Huh7 cells (1 × 103 cells/well) were seeded in 6-well culture plates and treated with violacein. After 12 days of incubation, the colonies that had formed were fixed with 3.7% formaldehyde by incubating for 20 min, and stained with 0.5% crystal violet reagent by incubating for 15 min. The stained colonies were washed with phosphate-buffered saline (PBS), and the number of visible colonies in each well was counted.

4.5. Nuclear Fluorescent Staining with DAPI

Huh7 cells (7 × 104 cells/well) were seeded in 24-well culture plates and treated with violacein for 24 h. The cells were fixed with 3.7% formaldehyde by incubating for 15 min and stained with 5 μg/mL DAPI by incubating for 15 min.

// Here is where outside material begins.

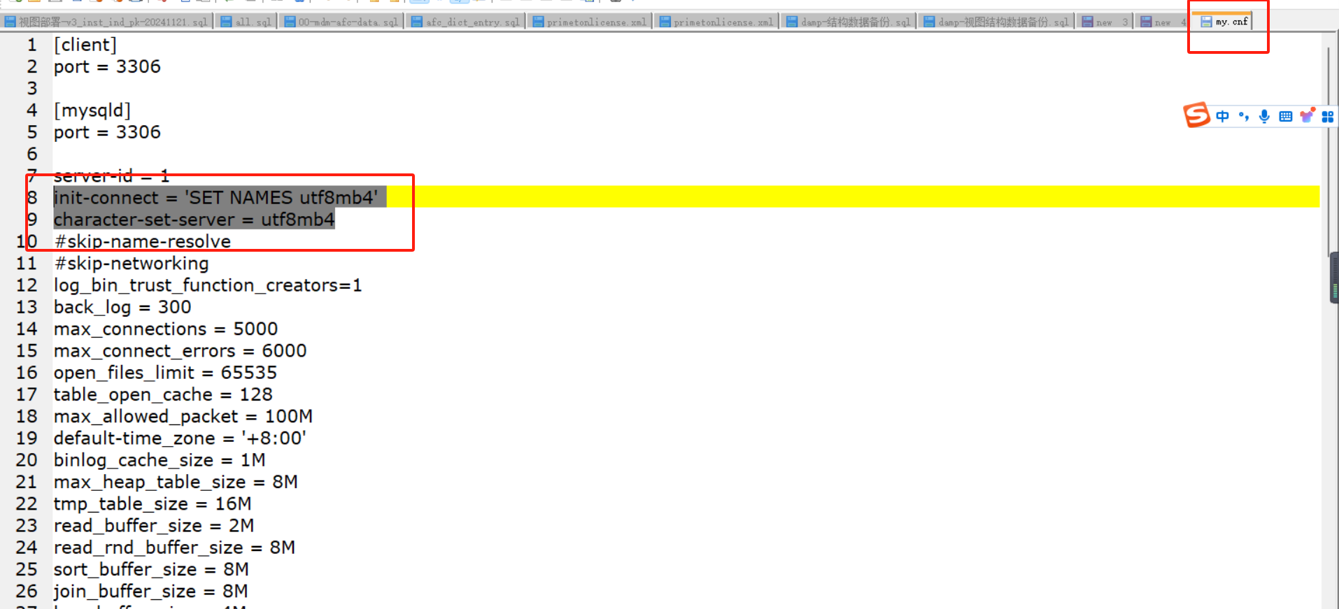 # A:检查目标库数据库编码,如修改数据库编码,在my.cnf增加如下配置

The fluorescent images were obtained using a fluorescence microscope (Optinity KI-2000F, Korea Lab Tech, Seong Nam, Korea).

4.6. Measurement of MMP

Huh7 cells (5 × 104 cells/well) were seeded in 96-black-well culture plates and treated with violacein for 24 h. The cells were subsequently treated with 10 µg/mL of the JC-1 fluorescent dye and were incubated for 20 min. The fluorescence intensity of the J-aggregates that formed and the JC-1 monomers was detected at wavelengths of 530/590 nm (excitation/emission) and 485/528 nm, respectively, using a multimode microplate reader (BioTek, Winooski, VT, USA). Mitochondrial depolarization was indicated by a decrease in the ratio of intensity of red/green fluorescence.

4.7. Measurement of ROS

Huh7 cells (5 × 104 cells/well) were seeded in a 24-well culture plate and treated with violacein for 6 h. The cells were stained with 15 µM DCFH-DA by incubating for 10 min. The fluorescent images were obtained using a fluorescence microscope (Optinity KI-2000F, Korea Lab Tech, Seong Nam, Korea), and the fluorescence density was analyzed using ImageJ software, version 1.5 (NIH).

4.8. Analysis of Apoptosis

Huh7 cells (2 × 105 cells/well) were seeded in a 60 mm cell culture dish and treated with violacein for 24 h. The cells were harvested, washed with PBS, and stained with 100 µL of Muse® Annexin V & Dead Cell reagent, according to the manufacturer’s instructions. The stained cells were analyzed using a Guava® Muse® Cell Analyzer (MuseSoft_V1.8.0.3; Luminex Corporation, Austin, TX, USA).

4.9. Cell Cycle Analysis

Huh7 cells (1 × 105 cells/well) were seeded in a 60 mm cell culture dish and treated with violacein for 24 h. The cells were harvested, washed with PBS, and fixed with 70% ethanol at −20 °C for 3 h. After washing with PBS, the cells were stained with 200 µL of Muse® Cell Cycle reagent, according to the manufacturer’s instructions. The stained cells were analyzed using a Guava® Muse® Cell Analyzer.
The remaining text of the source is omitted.